TASK TO COMPLETE
Nothing outside the range is wanted. Repeat exactly the lines below from the one with "вещи в порядке." through the one with "2018 champion Simona".

AVAILABLE DATA
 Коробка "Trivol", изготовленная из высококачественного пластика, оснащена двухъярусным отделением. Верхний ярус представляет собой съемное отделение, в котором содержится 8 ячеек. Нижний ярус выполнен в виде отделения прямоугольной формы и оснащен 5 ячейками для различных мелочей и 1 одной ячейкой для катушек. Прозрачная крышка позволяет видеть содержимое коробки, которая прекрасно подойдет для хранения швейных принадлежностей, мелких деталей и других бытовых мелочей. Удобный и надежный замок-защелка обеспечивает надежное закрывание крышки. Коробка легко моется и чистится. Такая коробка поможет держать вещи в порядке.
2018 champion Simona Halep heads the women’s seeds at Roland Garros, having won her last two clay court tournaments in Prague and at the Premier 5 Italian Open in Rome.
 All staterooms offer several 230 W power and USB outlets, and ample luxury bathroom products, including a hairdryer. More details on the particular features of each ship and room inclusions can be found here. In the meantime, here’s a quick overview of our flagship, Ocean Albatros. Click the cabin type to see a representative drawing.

...

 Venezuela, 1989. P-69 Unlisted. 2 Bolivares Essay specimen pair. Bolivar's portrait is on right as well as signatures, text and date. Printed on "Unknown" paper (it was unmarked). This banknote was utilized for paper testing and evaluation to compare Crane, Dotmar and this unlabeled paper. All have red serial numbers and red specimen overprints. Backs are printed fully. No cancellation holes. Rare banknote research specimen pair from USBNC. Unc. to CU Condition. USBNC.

OUTPUT OF THE EXERCISE
 Коробка "Trivol", изготовленная из высококачественного пластика, оснащена двухъярусным отделением. Верхний ярус представляет собой съемное отделение, в котором содержится 8 ячеек. Нижний ярус выполнен в виде отделения прямоугольной формы и оснащен 5 ячейками для различных мелочей и 1 одной ячейкой для катушек. Прозрачная крышка позволяет видеть содержимое коробки, которая прекрасно подойдет для хранения швейных принадлежностей, мелких деталей и других бытовых мелочей. Удобный и надежный замок-защелка обеспечивает надежное закрывание крышки. Коробка легко моется и чистится. Такая коробка поможет держать вещи в порядке.
2018 champion Simona Halep heads the women’s seeds at Roland Garros, having won her last two clay court tournaments in Prague and at the Premier 5 Italian Open in Rome.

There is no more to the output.